Wakayama

Packed up at the New Otani hotel, settled bills and emptied deposit box. Took a taxi to Shin-Osaka station to catch a local train to Wakayama which only took an hour. Ate a delicious bento box en route and saw some countryside at last with many houses growing an orange tree in their garden.

No sign of a tourist office at Wakayama but were spotted by a resident American who pointed us in the direction of the station hotel called Hotel Granvia. It seemed ok, if a little drab, so we checked in. Our room was smaller than in Osaka but cosy and with typically complicated shower/bath and electronic bidet.
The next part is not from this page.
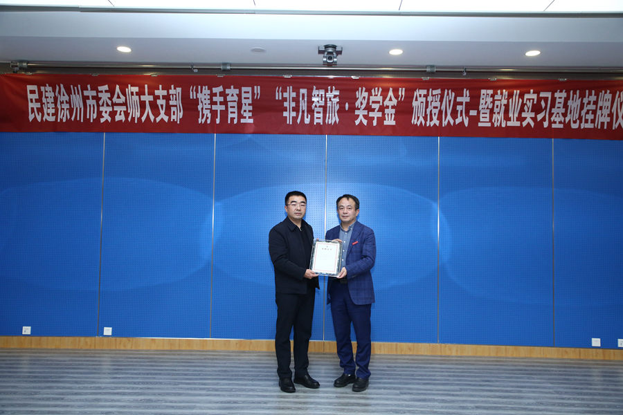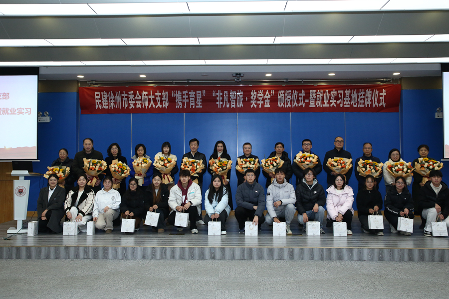 12月11日,民建徐州市委會江蘇師大支部“攜手育星獎學金”頒授暨就業實習基地掛牌儀式在分析測試中心300會議室舉行。民建江蘇省委會副主委、徐州市人民政府副市長、民建徐州市委會主委林斌,校黨委書記芮國強,校黨委常委、組織部部長、統戰部部長黃德志,民建徐州市委會副主委康建榮、孫統賢等出席會議。會議由校黨委副書記蔡國春主持,民建徐州市委會社會服務委員會全體委員,民建徐州市委江蘇師大支部全體會員,學校相關職能部門負責同志和獲獎學生代表參加了活動。

As the castle seemed to be Wakayama's main attraction we set off there. On the way we met an Irish girl working here as a teacher who showed us the way to a cheap internet cafe in a shopping arcade so we checked mail, bank accounts, football scores and weather forecast - all for 100 Yen.

Wakayama seemed like a ghost town after Osaka; hardly anyone on the streets and the railway station and streets played calming music just to make sure nobody got too excited.
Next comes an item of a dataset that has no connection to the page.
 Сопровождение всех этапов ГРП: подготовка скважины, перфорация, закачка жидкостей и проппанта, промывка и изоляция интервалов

The castle had some small gardens and had been completely rebuilt so no need for slippers this time. The view from the top was worth the walk and we could see to the sea and looked down on herons and eagles flying around.

Back to the hotel for a soak in the bath and then off for dinner. Vast array of restaurants in shopping centre adjoining the hotel. We spotted one that had plastic okonimayake and gyoza on display so we opted for that one. It turned out to be the best meal so far and was served by a very cheery girl who did her best to speak in English. The gyoza were so good we ordered a third portion to share between us. We washed our meal down with an Asahi beer and then went back to our room to write postcards and get some sleep.